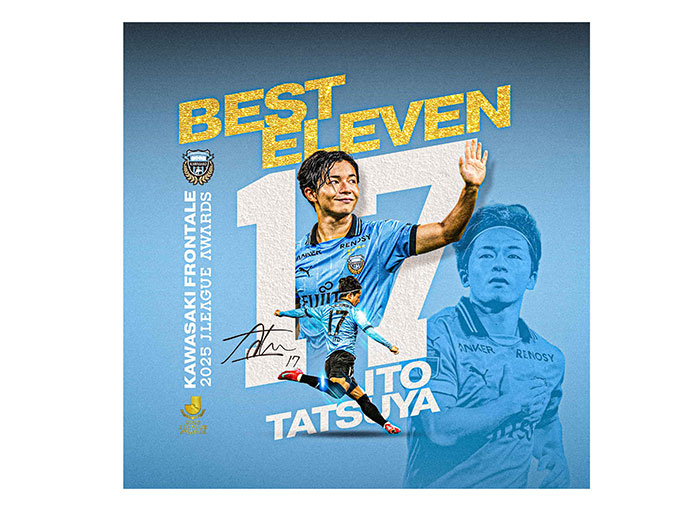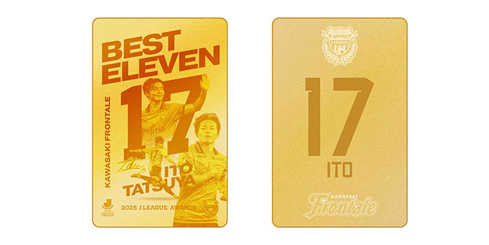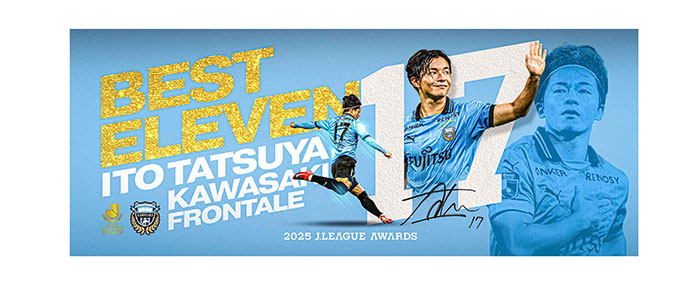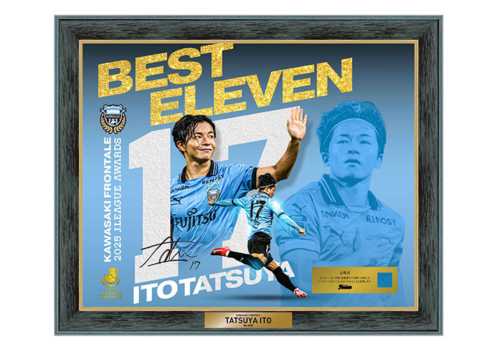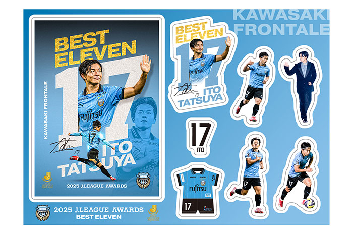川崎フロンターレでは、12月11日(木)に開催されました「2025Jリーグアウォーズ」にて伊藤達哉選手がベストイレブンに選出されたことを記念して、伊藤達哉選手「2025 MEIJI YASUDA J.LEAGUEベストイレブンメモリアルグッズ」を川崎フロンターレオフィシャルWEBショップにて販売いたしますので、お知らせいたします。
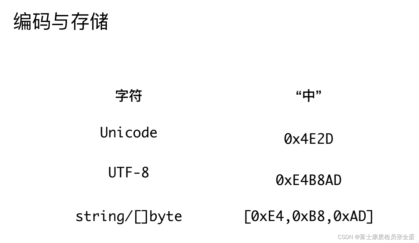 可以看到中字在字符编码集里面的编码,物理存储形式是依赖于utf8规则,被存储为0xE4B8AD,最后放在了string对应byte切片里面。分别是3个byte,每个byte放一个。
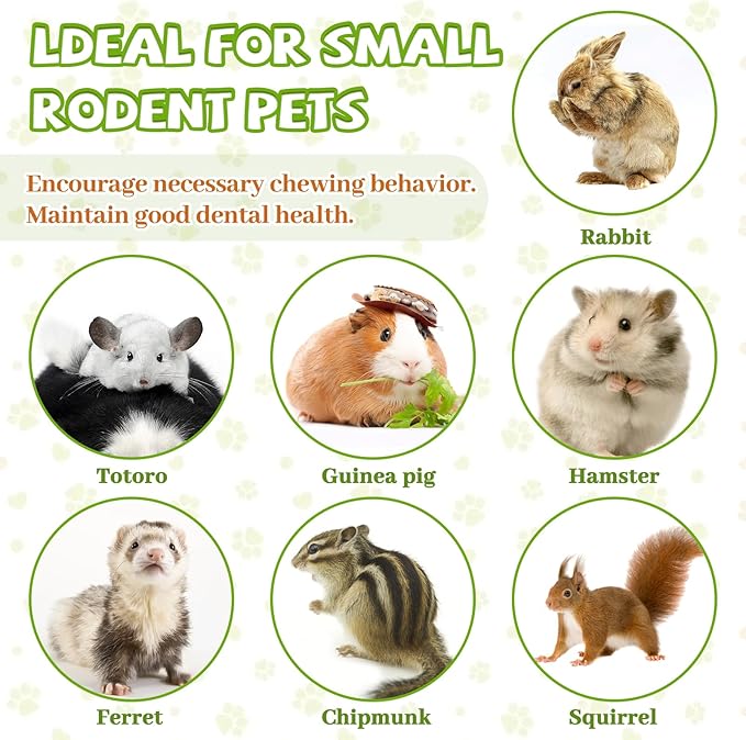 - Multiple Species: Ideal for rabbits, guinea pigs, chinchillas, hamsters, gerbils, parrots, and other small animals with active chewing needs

• • • • •

TASK GOAL:
An exact transcription of the data above is needed, without the pictures.

SOLVED PROBLEM:
川崎フロンターレでは、12月11日(木)に開催されました「2025Jリーグアウォーズ」にて伊藤達哉選手がベストイレブンに選出されたことを記念して、伊藤達哉選手「2025 MEIJI YASUDA J.LEAGUEベストイレブンメモリアルグッズ」を川崎フロンターレオフィシャルWEBショップにて販売いたしますので、お知らせいたします。
 可以看到中字在字符编码集里面的编码,物理存储形式是依赖于utf8规则,被存储为0xE4B8AD,最后放在了string对应byte切片里面。分别是3个byte,每个byte放一个。
 - Multiple Species: Ideal for rabbits, guinea pigs, chinchillas, hamsters, gerbils, parrots, and other small animals with active chewing needs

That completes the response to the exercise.